Nella stessa giornata apprendiamo che ancora una volta il presidente renziano della Regione Abruzzo Luciano D’Alfonso si è avvalso della prescrizione invece di fare chiarezza in sede giudiziaria in un procedimento in cui era coinvolto insieme all’amico Toto e altri personaggi dell’Anas e del Ministero.
Questa volta spero che nessuno voglia presentarlo come assolto: prescrizione non è assoluzione. E come sostenevano i ‘probiviri’ del PD al tempo del caso Penati chi intende ricoprire cariche pubbliche e ruoli politici ha il dovere di non avvalersi della prescrizione.
La Regione Abruzzo non può essere ostaggio di un personaggio come D’Alfonso e della sua corte dei miracoli.
Chiediamo le dimissioni di D’Alfonso e invitiamo il PD e i suoi alleati a uscire dal silenzio complice.
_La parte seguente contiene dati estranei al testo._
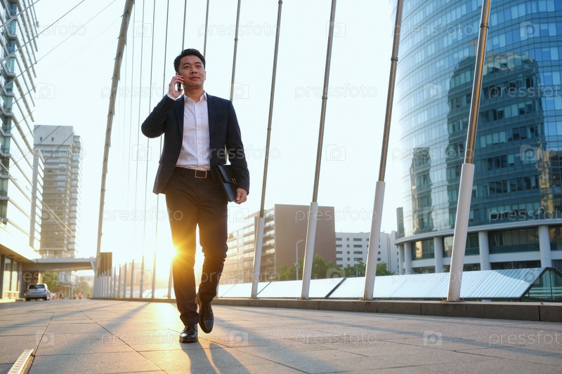 Молодой азиатский мужчина ходит на улице, разговаривает со смартфоном в городской обстановке
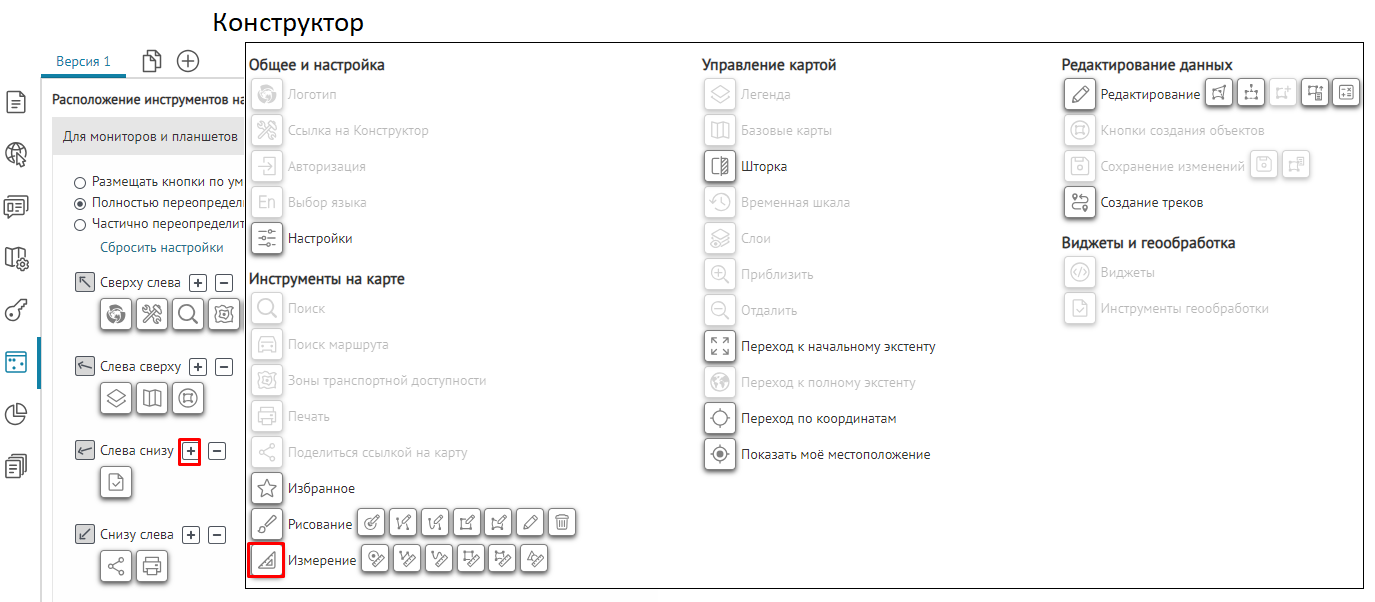 Для того, чтобы пользователь веб-карты мог создавать объекты с помощью инструмента замыкания, необходимо:
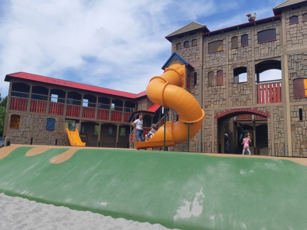 Az egész hely szuper, egy várkastély a központi rész, ahonnan csúszdákkal lehet lejutni,
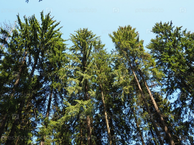 Старые высокие ели. Еловая крона. Тайга лес. Стволы, ветки и еловые иголки на фоне голубого неба
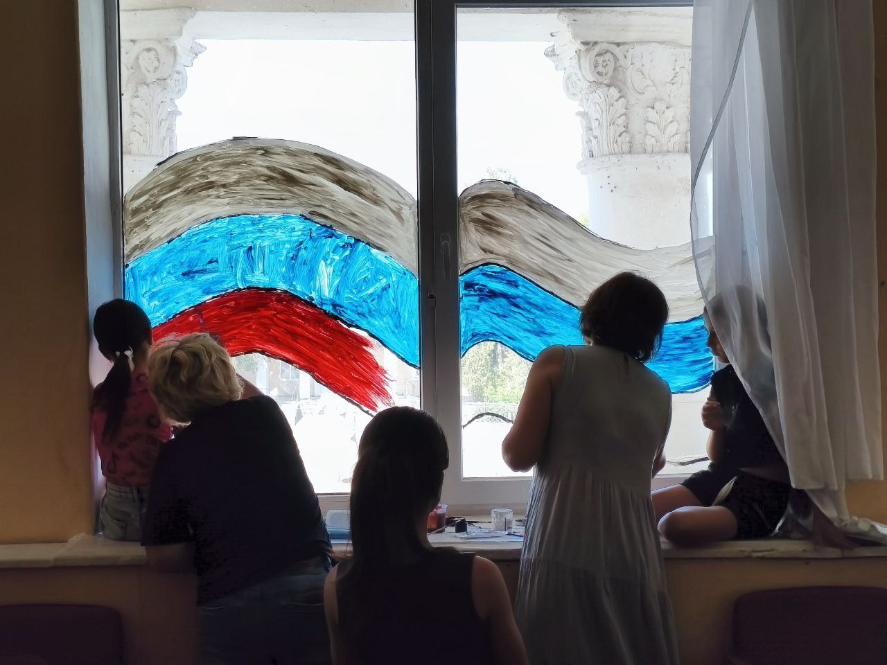 Дітей також змусили прикрашати символікою країни-окупанта вікна закладів, назвавши це акцією «Вікна Росії».
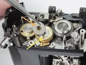 В конце экспозиции большая чёрная шестерня толкает спусковой рычаг, возвращая зеркало в положение просмотра.
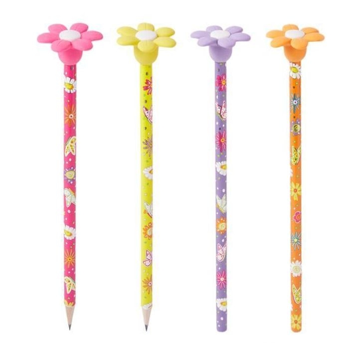 Μοναδικός σχεδιασμός με λουλούδια και ασημί foil λεπτομέρειες, σε συνδυασμό με μια γόμα σε σχήμα άνθους στην κορυφή. Ιδανικό για όλους τους λάτρεις των λουλουδιών!
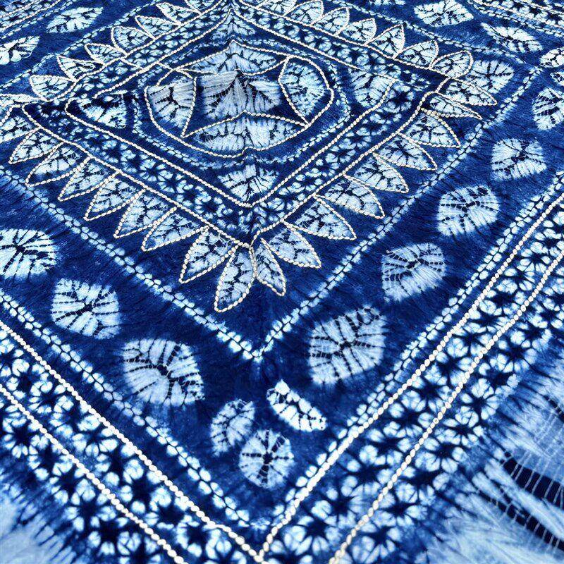 1.2米大理古法扎染桌布云南白族植物蓝染方巾壁挂背景装饰茶几布
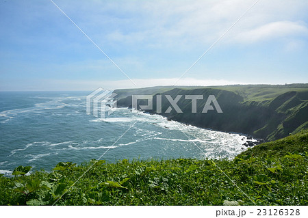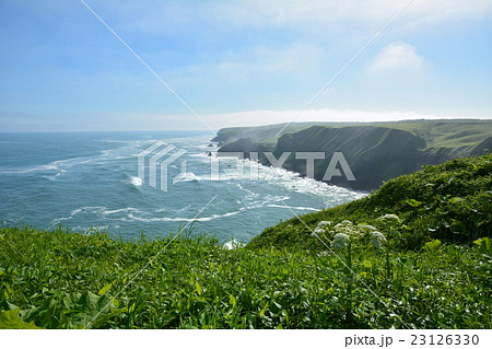 琵琶瀬から望む嶮暮帰島と太平洋の夏景色(北海道浜中町)
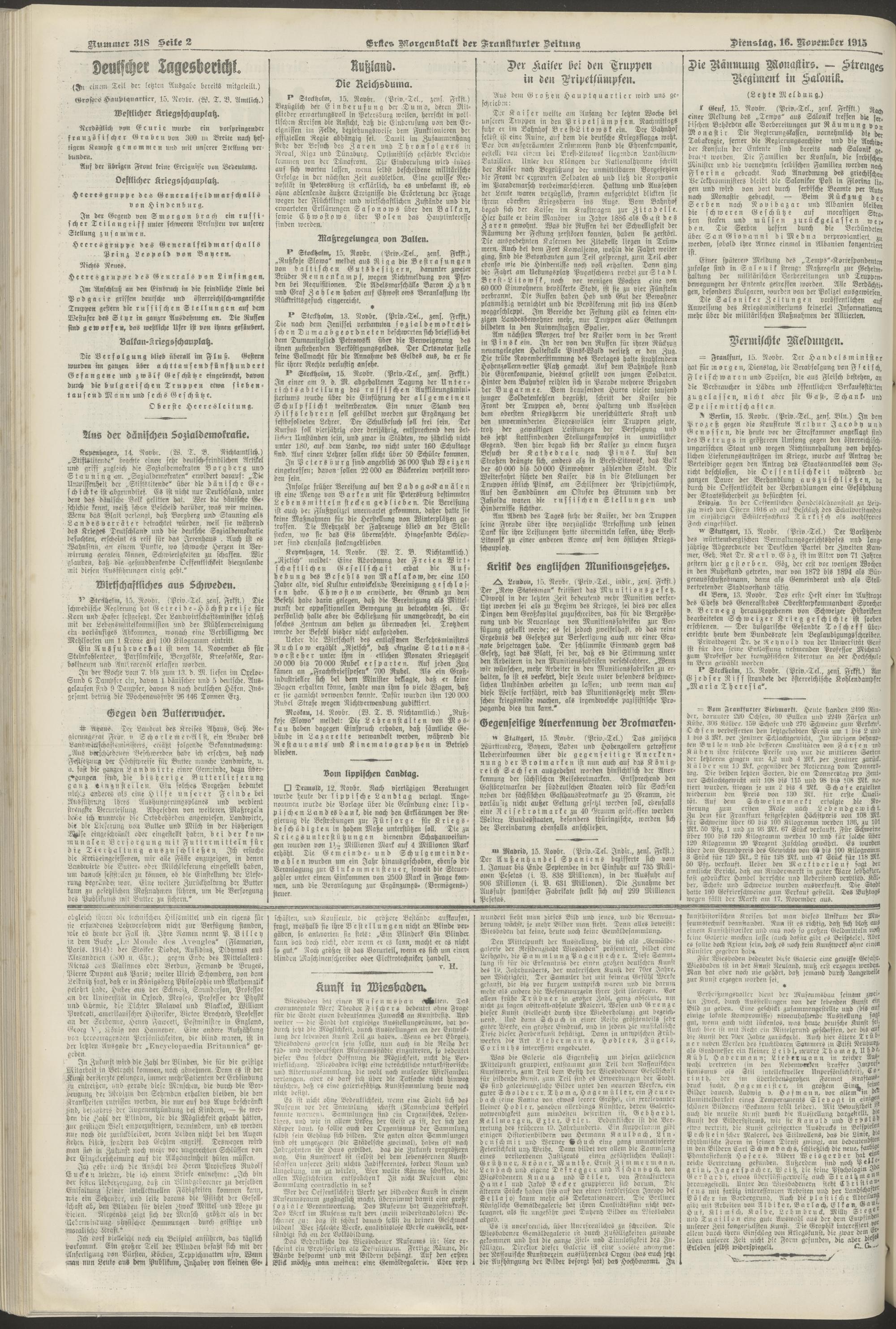 16.11.1915 = Nr. 318. Erstes Morgenblatt
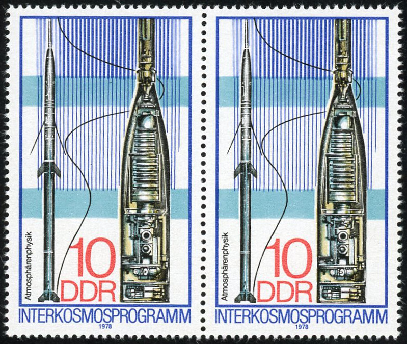 Meteorologische Rakete im Paar, linke Marke mit PlF nach Michel : heller Fleck am rechten mittleren Rand der Rakete
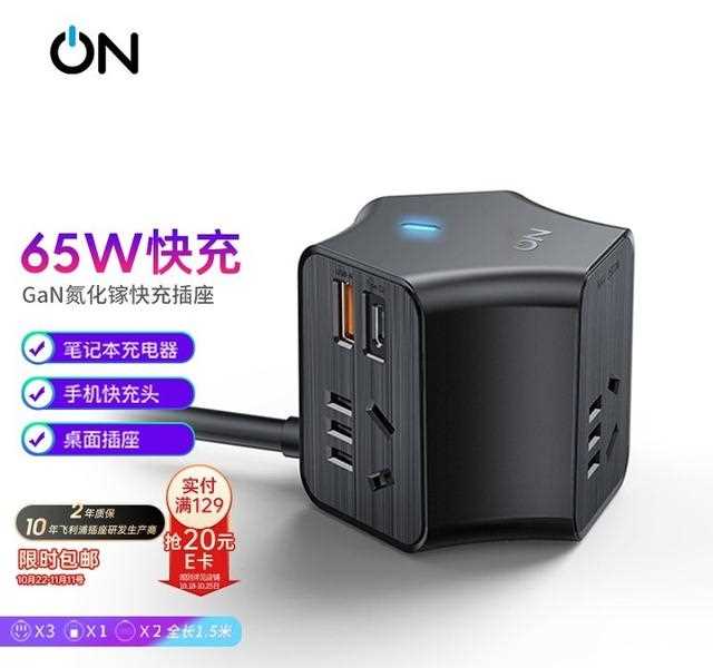 ON摩天輪65W氮化鎵快充插座 雙Type-c/智能USB魔方插座
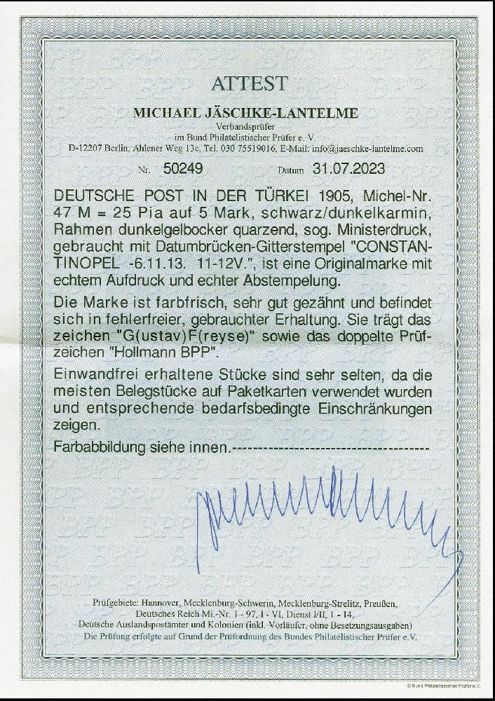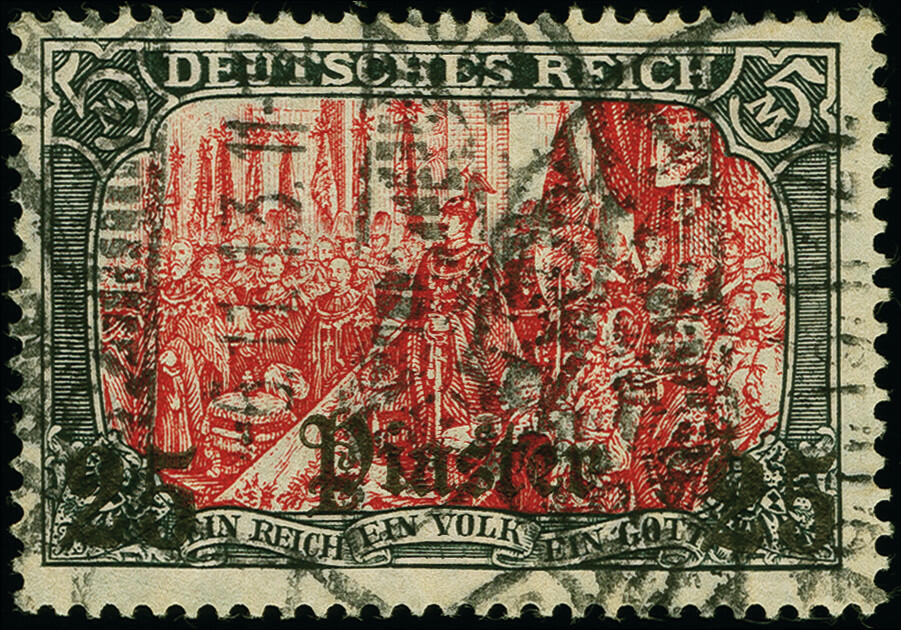 | Zusatzinformationen und Suchstichworte: | 383. Auktion Heinrich Köhler 14.–15. & 18.–23. März 2024 Los 708 Deutsche Auslandspost Türkei 1905, 25 Piaster auf 5 Mark schwarz/dunkelkarmin ohne Wasserzeichen, sogenannter "Ministerdruck" mit Stempel "CONSTANTINOPEL DP 6.11.13" in tadelloser Erhaltung. Eine in dieser Erhaltung sehr seltene Marke, mehrfach signiert und Fotoatteste Hollmann BPP (1997) und Jäschke-L. BPP (2023) Ausruf 1.000,00 EUR |
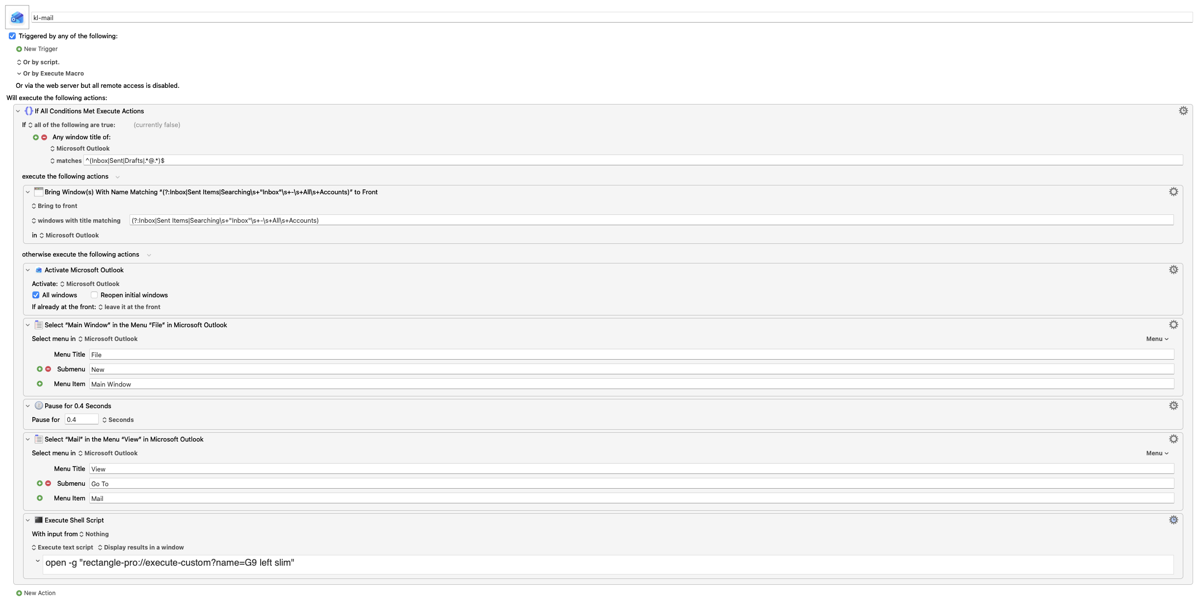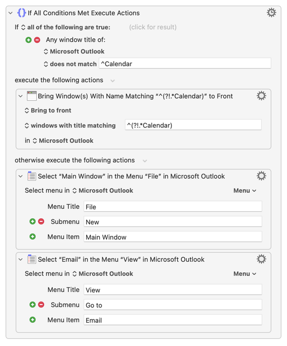 What’s the most reliable way in Keyboard Maestro to detect the existence of at least one Mail-type window in Outlook, while ignoring Calendar windows?
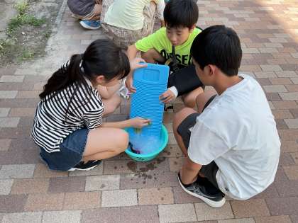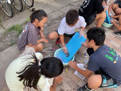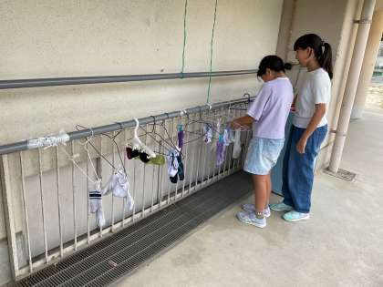 手で洗うだけでなく、洗濯板も上手に使いこなしていました。しっかり洗ったあとは、すすぎを2回します。SDGSも意識しながら節水!絞ったあとは、しっかりと干すことができました。汚れたままの靴下と比べると一目瞭然!子どもたちは美しくなった靴下を見て、こんなに違うんだと感動していました。家でも実際にやっていけるといいですね。
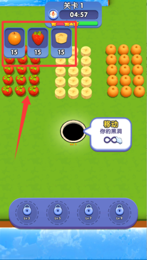 3、每天解鎖限定內(nèi)容,嘗試不同水果種類的吞噬效果,選擇最優(yōu)方案過關(guān)。
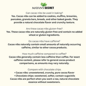 Sustainable Sourcing: We are committed to responsible sourcing practices. Our cacao nibs is derived from sustainable farming methods, ensuring minimal impact on the environment. By choosing Mayan's Secret, you are supporting ethical and sustainable agriculture.
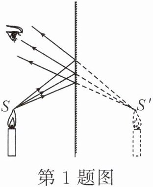 4. (2024·德阳)某实验小组利用如图所示的实验装置探究平面镜成像的特点,$S'$为烛焰上$S$点的像点,请在图中画出人眼看到像点$S'$的一条光路。
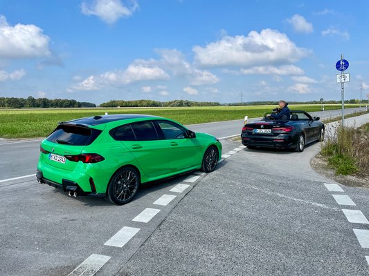 A motor helyzete és a hajtás miatt kompromisszumtól, árulástól és keserű szájíztől tartottam, de az M135 már az első métereken udvariasan jelezte, hogy az aggodalmam alaptalan. Könyörtelen veretés vette kezdetét az aranyos német falvak közötti, kanyargós szerpentineken. A széles gumik és az ültetett, lehetetlenül stabul, adaptív futómű úgy leragasztották az összkerekes, bő másfél tonnás kompaktot az útra, hogy érzésre le se lehetett volna robbantani az ívekről.
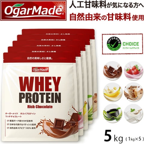 ホエイプロテイン (5kg) (ナチュラルバナナ) WPC ステビア使用 選べるフレーバー 国内製造 OgarMade (オーガーメイド)
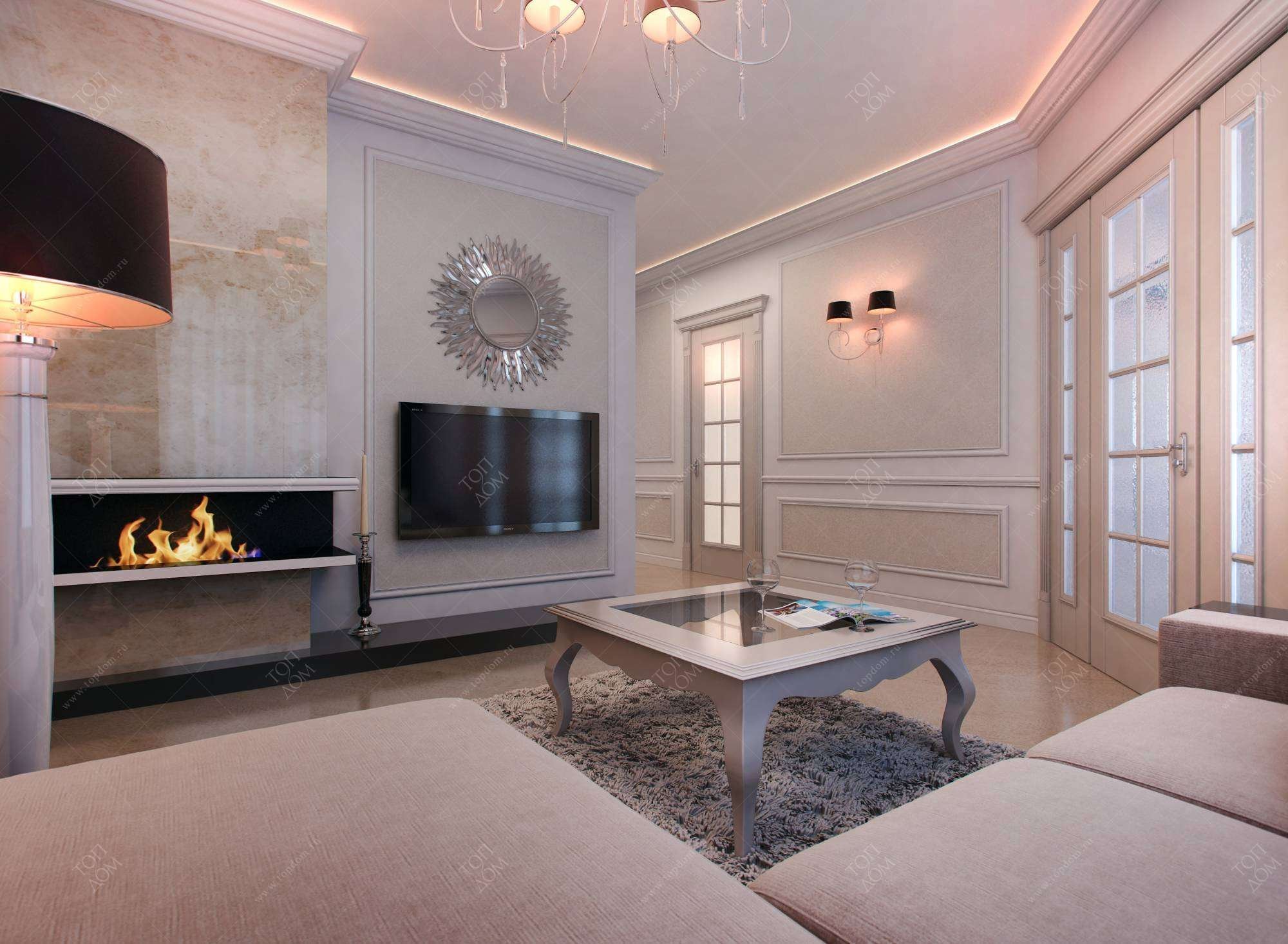 Гостиная с камином интерьер Неоклассика
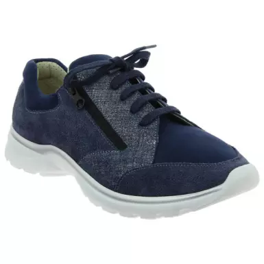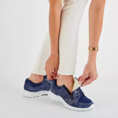 La basket Podowell MARTA bleu est une basket incontournable : sa texture bi-matière et ses paillettes mettront du peps dans vos tenues. Adaptée à de nombreuses pathologies de l'avant-pied, elle vous apportera style et confort au quotidien, notamment grâce à son insert de gel placé sous les métatarses de façon à soulager les douleurs plantaires. La basket Marta est facile à chausser avec son zip et à ajuster grâce aux lacets. La semelle légère et agrippante apporte un grand confort de marche.

Il problema prima che giudiziario è politico. Essere garantisti non significa far finta di non vedere che i comportamenti di D’Alfonso sono incompatibili con il ruolo che ricopre”.
Erika Alessandrini (Movimento 5 Stelle)
Le intercettazioni che sono state pubblicate oggi su Il Centro rappresentano la morte politica ed amministrativa di questa città. Ci troviamo davanti ad una situazione in cui potere politico ed amministrativo sono piegati agli ordini della classe imprenditoriale pescarese, siamo davanti ad una politica debole ed in ginocchio che decide nelle stanze di pochi potenti privati sulla vita di tutti i cittadini, siamo davanti alla più bieca forma di governo possibile. Oggi Pescara raggiunge la consapevolezza di essere stata violata e l’indignazione che proviamo davanti alle parole pronunciate da chi dovrebbe governarci vanno ben oltre il fatto giudiziario in sé. Inoltre, venire a sapere dal sottobosco della politica che il Presidente della nostra regione è “tenuto per le p…” come leggiamo testualmente, ci mostra quanto chi ci governa sia umanamente e professionalmente piegato al volere di pochi, al di là delle parole propagandistiche che ci vengono puntualmente propinate per chiederci voti. Nessuno potrà ridarci quello che ci hanno tolto. Oggi abbiamo la prova che l’interesse della città non conta e non è mai contato. Oggi non è stata messa in discussione solo una giunta, un’amministrazione ma l’intera democrazia di un territorio. Se quello che accade qui, oggi, dovesse accadere anche a livello regionale, nazionale, dove ci sono competenze ben più ampie, saremmo davanti alla consapevolezza che la democrazia non esiste più. Le parole pronunciate nell’intercettazione sono la dimostrazione che tutto quello che ci è stato raccontato, che pensavamo non è vero! I pescaresi non devono subire l’umiliazione di essere rappresentati e governati da questa gente.